KathleenFebruary 25, 2023 at 11:07 pm
I’ve had 5 batteries in my Subaru Outback. I purchased new in 2017 and I have 36,000 miles on the car!
KatieFebruary 13, 2023 at 10:40 am
I’m going to have to sell my 2019 outback, which I have otherwise loved. And now take out a car note that I shouldn’t have to be doing so soon. I will never buy another Subaru. What a disappointment.
ArtFebruary 16, 2023 at 7:43 pm
I have only had one dead battery in my 2015 Forester. Of course I was camping at the time at a Washington State Park called “Cape Disappointment.” I had only had the car for a couple of months.
Subaru replaced the battery, no questions asked. It has worked fine ever sense.
Nicci VargasApril 13, 2023 at 2:57 pm
Just bought my 2019 outback
3 weeks later car is completely dead in my driveway
Dealership has me in a loaner
They’ve offered to replace the DCM that drains the battery vs buy vehicle back
Ugh!!!! Although my loaner is a 2023 outback and I’m headed out tomorrow On vacation!!!
BethMay 5, 2023 at 9:11 am
Just bot a 2023 Subaru Legacy. They replaced my battery after the first week of ownership when it was dead on Sunday. Today is Friday and the systems had a hard time starting up this morning, I called to let them know. Sounds like this is going to be a continuing problem uggh!!
Christopher RossenMay 5, 2023 at 9:40 am
Sorry to hear Beth. Also keep a watch for windshield cracks: https://app.mycarvoice.com/trends/SUBARU/LEGACY/2023/
Previous models experienced this, and this problem may trickle into early 2023 models.
William P WhiteMay 6, 2023 at 6:54 pm
My daughter’s Forester has the same problem.

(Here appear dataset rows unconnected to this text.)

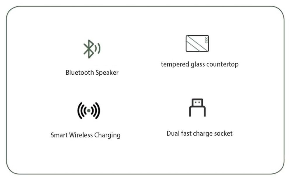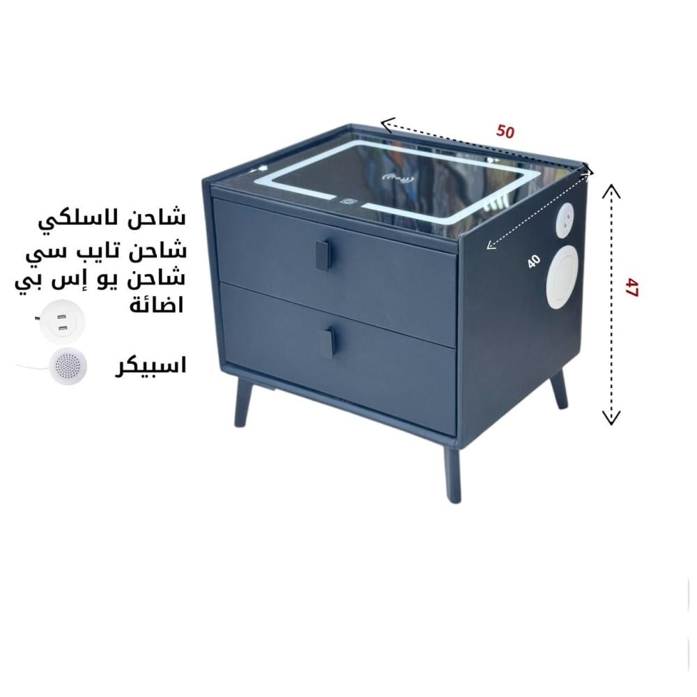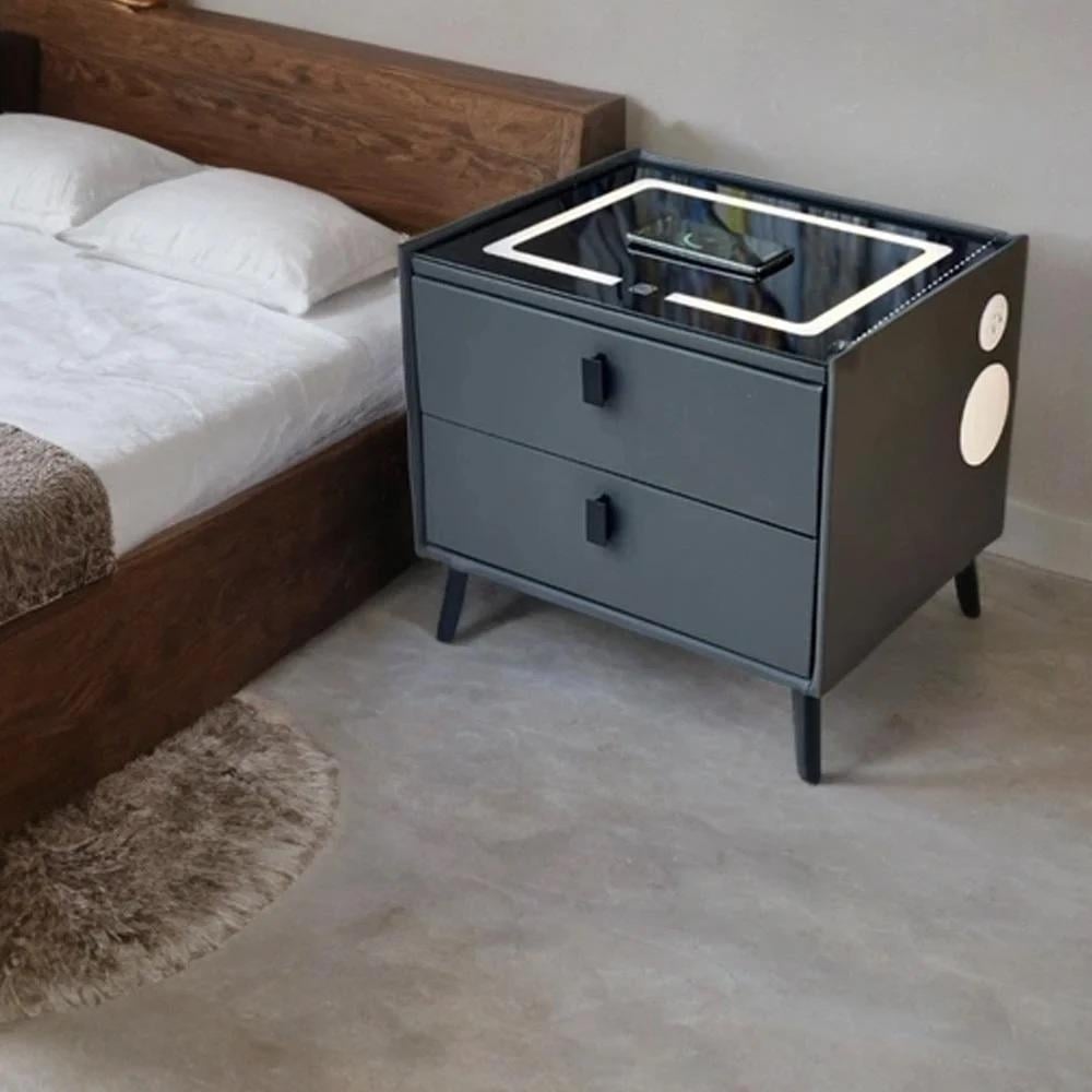 كومودينو ذكي متعدد الاستخدامات مصمم ليوفر لك تجربة عصرية داخل غرفة النوم أو المعيشة، يأتي ب2 أدراج واسعة مع سطح علوي مزوّد بشاحن لاسلكي مدمج، بالإضافة إلى منفذ USB للشحن وسماعة بلوتوث جانبية للحصول على صوت مميز. يجمع بين العملية والتقنية الحديثة مع تصميم أنيق يضيف لمسة فاخرة لأي مساحة.
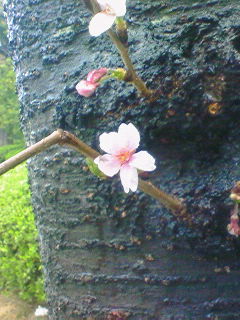 今年初めての桜です。咲いている数も少なかったのですが、雨だったので、早くも散っていました。
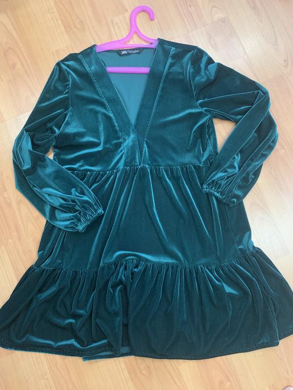 Стильне велюрову сукню , зеленого кольору , розмір S , стан нового
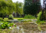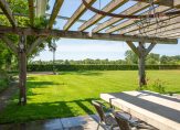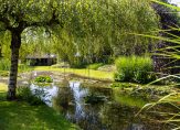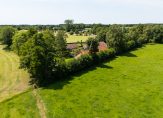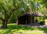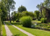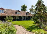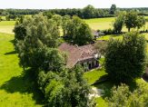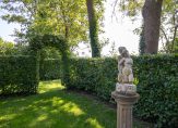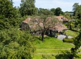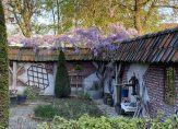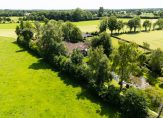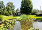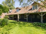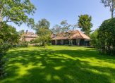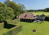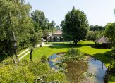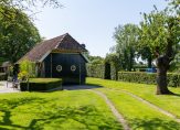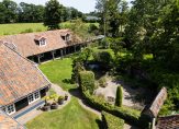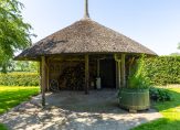 De woonboerderij wordt omringd door een parkachtige tuin, met prachtige oude bomen en een groot gazon. Hoge bossages aan de rand van de tuin zorgen voor optimale privacy en beschutting ten opzichte van de wind. Grote vijvers stralen een aangename rust uit en verspreid over het perceel staan meerdere bijgebouwen, variĂŤrend van een grote schuur/garage met smeerput tot een ronde houtopslag met rieten dak.

Subaru gave us the finger. The legal system failed us. You should be telling people to never buy a Subaru.
NoMoSubsMay 27, 2023 at 5:04 pm
So Subaru, known for reliability and safety, has a reliability design flaw that randomly kills the battery — do they realize how many customers they are going to lose over this? I am one of them. My Legacy dies if not started every week. Replacing the battery is not a sustainable solution.